Ok. next. My mobile provider (starts with V and ends with fone and inbetween the string oda) hand me the monthly bill in pdf format. That’s nice. But. The give no summarized insight in my used minutes, used mb’s etc.
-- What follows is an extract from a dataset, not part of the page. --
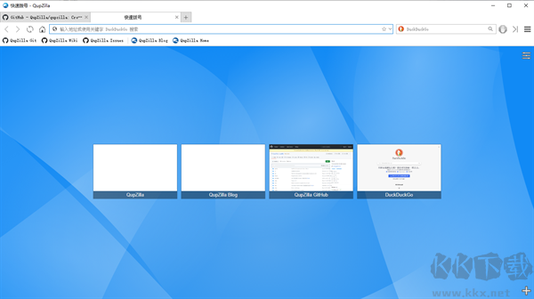 QupZilla支持快速拨号功能,快速进入您喜爱的网站。支持拖拉、删除操作;

Instead they show pages and pages and pages of used mb’s, kb’s in some amount of time.
Just a few lines:
3.906,00 KB14.09.2011 16:00:11 0,000 high.vodafone.com
6.026,00 KB14.09.2011 16:15:11 0,000 high.vodafone.com
3.951,00 KB14.09.2011 16:30:11 0,000 high.vodafone.com
2.813,00 KB14.09.2011 16:40:26 0,000 high.vodafone.com
T 235,00 KB15.09.2011 07:05:37 0,000 live.vodafone.offnet
T 442,00 KB15.09.2011 15:59:34 0,000 live.vodafone.offnet
T 1.708,00 KB16.09.2011 08:13:43 0,000 live.vodafone.offnet
1.357,00 KB16.09.2011 08:28:43 0,000 high.vodafone.com
T 293,00 KB16.09.2011 16:44:31 0,000 live.vodafone.offnet
T 231,00 KB16.09.2011 20:44:44 0,000 live.vodafone.offnet
T 246,00 KB16.09.2011 22:36:17 0,000 live.vodafone.offnet
T 267,00 KB19.09.2011 11:15:20 0,000 live.vodafone.offnet
T 312,00 KB20.09.2011 18:03:01 0,000 live.vodafone.offnet
And this goes on and on for pages. Same for the used call-minutes. The call this transparancy. Ok. In dutch ‘Ik ben niet voor een gat te vangen’.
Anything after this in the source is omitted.